La cifra más citada al respecto salió del MIT. El informe The GenAI Divide: State of AI in Business 2025, publicado por el proyecto NANDA en julio de 2025, revisó más de 300 iniciativas de IA divulgadas públicamente, entrevistó a representantes de 52 organizaciones y encuestó a 153 líderes senior. Su conclusión: pese a los 30.000 a 40.000 millones de dólares invertidos por las empresas en IA generativa, el 95% de las organizaciones no obtiene ningún retorno. Solo el 5% de los pilotos integrados extrae valor relevante.

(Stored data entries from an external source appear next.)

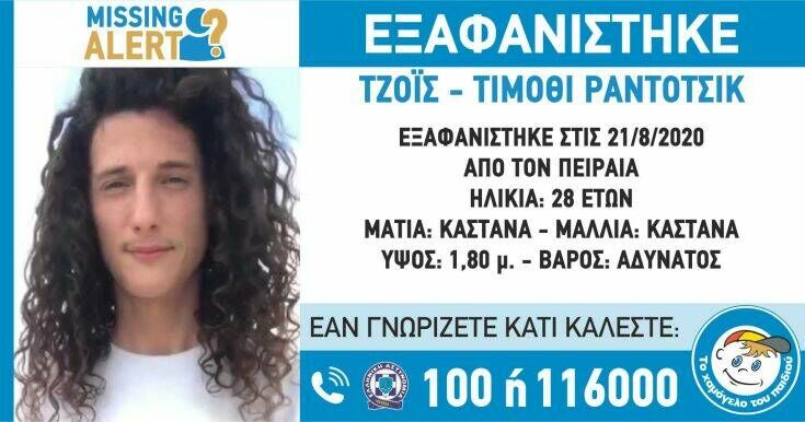 Ο αγνοούμενος μιλά άπταιστα αγγλικά και γερμανικά. Σύμφωνα με το «Missing ALERT» εξαφανίστηκε στις 21 Αυγούστου από τον Πειραιά, έχει καστανά μάτια και μακριά μαλλιά, ύψος 1,80 μ. και είναι αδύνατος.
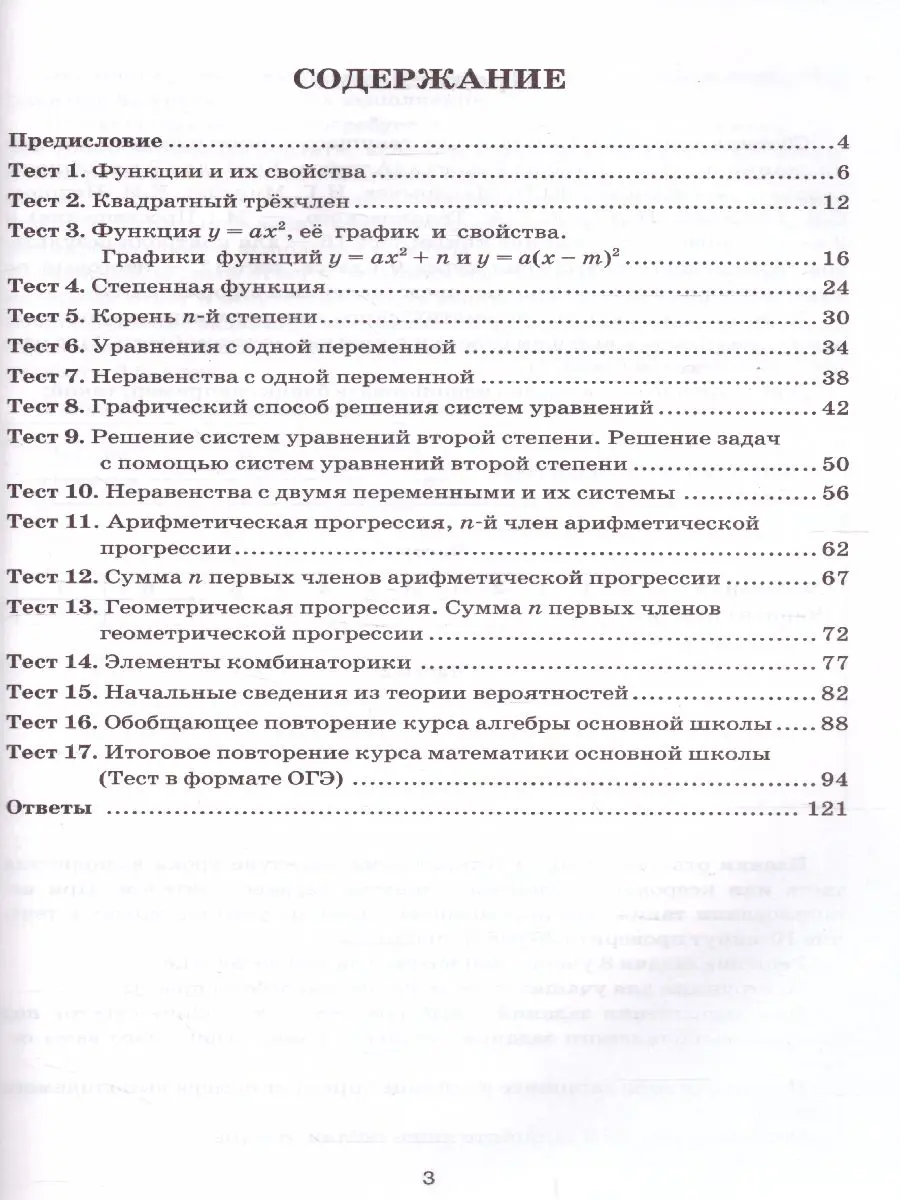 Книга адресована школьникам для самостоятельного контроля знаний и учителям математики 9 классов.
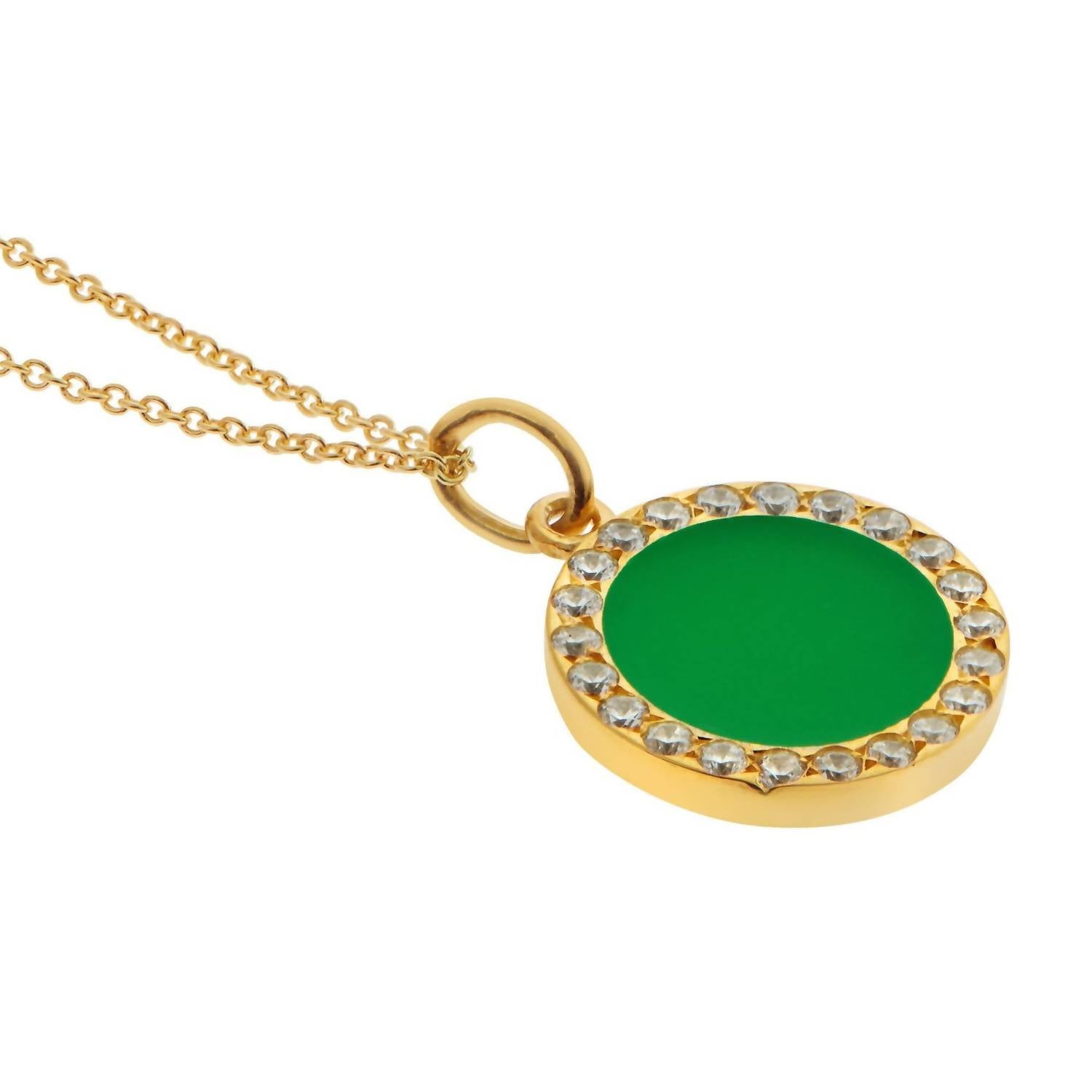 The perfect stand-out necklace that complements even the most basic t-shirt.Smooth enamel pendant. Handcrafted from sterling silver 18k gold plated. Featuring a bright splash of neon green enamel adorned with a halo of sparkling crystals. Clear zircons. Enamel finish. Charm diameter approx. 1.5cm. 17" 18k gold plated chain.
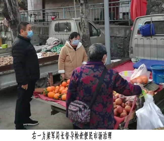 截止目前,我局督导、协助各街道(镇)关闭便民市场5个,取缔销售肉类摊位12个,治理现场宰杀畜禽1起,在市场周边设置宣传横幅6条,张贴告示13张,散发宣传单400余份,劝离未戴口罩进入便民市场人员90余人(次),劝导占道经营车辆 85台(次),清理流动摊贩 320余人(次)、占道经营商家100余家(次)。
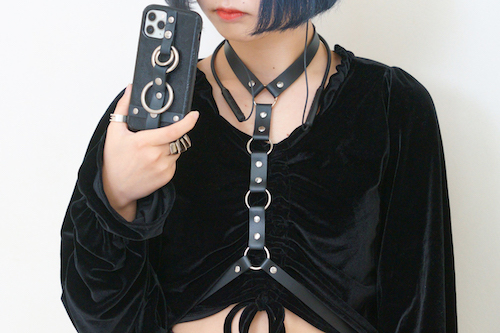 首元から繋がるハーネスと、「ニュリカデリック」のスマホケースが見事にリンク! スマホもファッションの一部になっています!
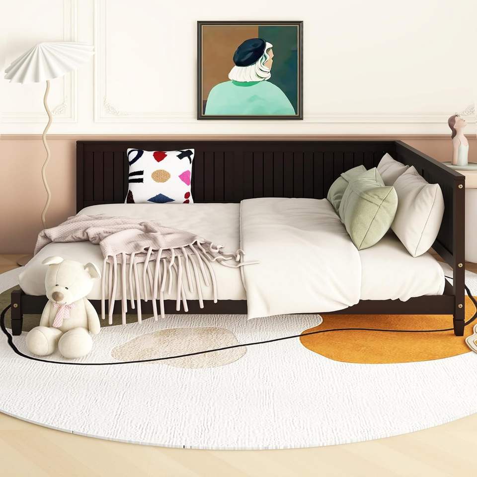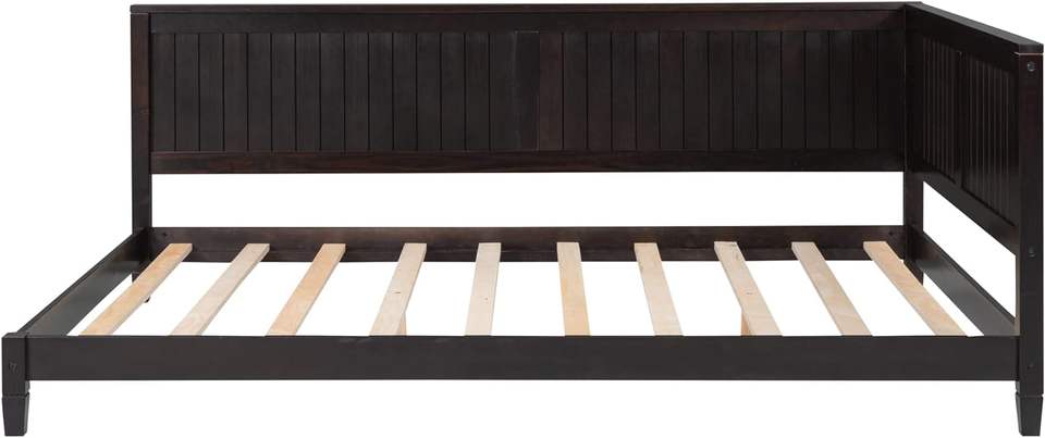Estructura de cama de día de tamaño completo con respaldo, sofá cama de tamaño completo de madera con soporte de listón para niños y adolescentes
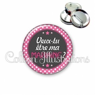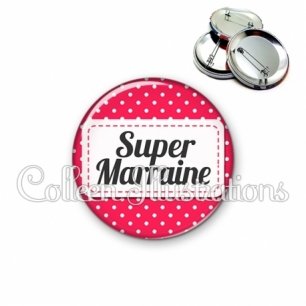 Image imprimée en haute résolution sur papier de qualité, protégée d'un film plastique, et sertie sur une coque et épingle métallique.
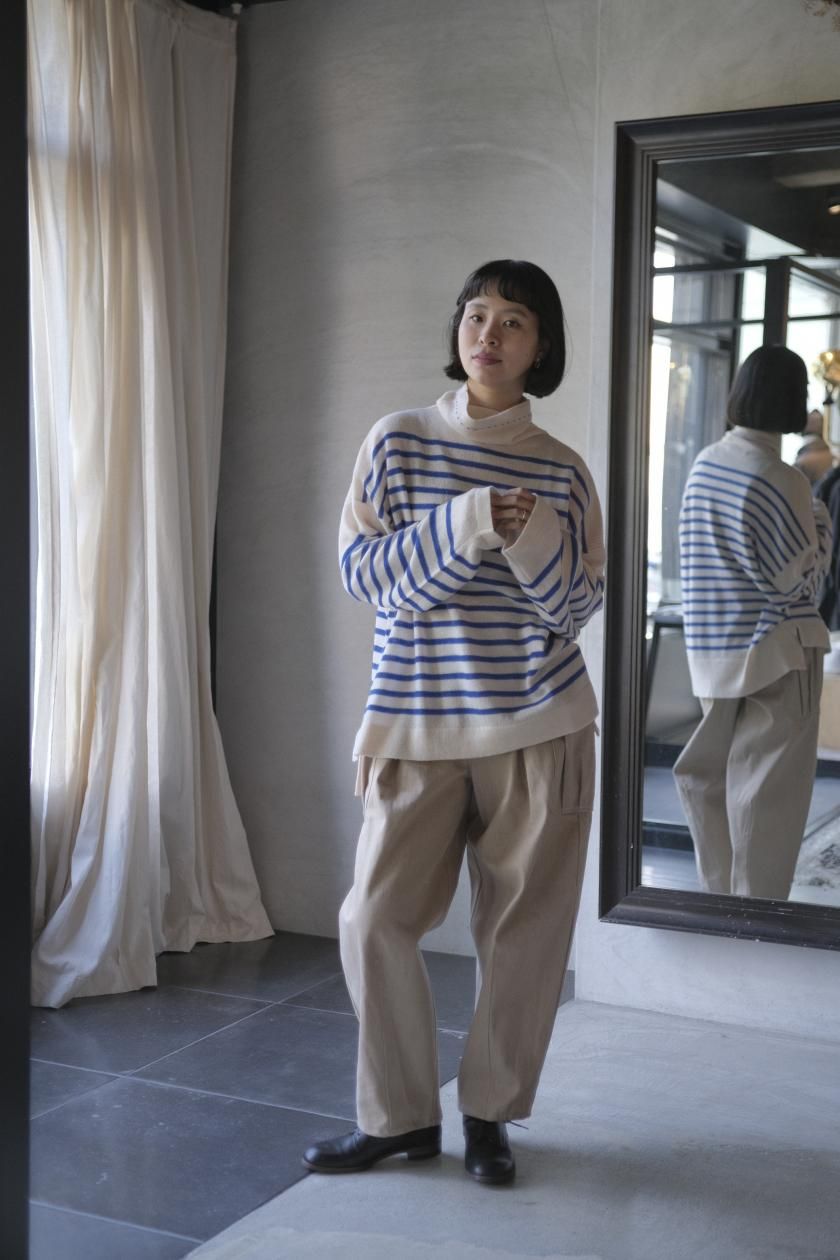 TOWAVASE / maison de montagne / Basque (バスク) / pullover C(ivory × blue)

El informe es tajante en un punto que le importa a quien decide: esa división no se debe a la calidad del modelo ni a la regulación. La determina el enfoque.
El hallazgo se sostiene en el mercado más amplio. Una encuesta de S&P Global Market Intelligence con más de mil empresas de Norteamérica y Europa, difundida en marzo de 2025, encontró que el 42% descartó la mayoría de sus iniciativas de IA ese año, frente al 17% del año anterior. La organización promedio abandonó el 46% de sus pruebas de concepto antes de que llegaran a producción.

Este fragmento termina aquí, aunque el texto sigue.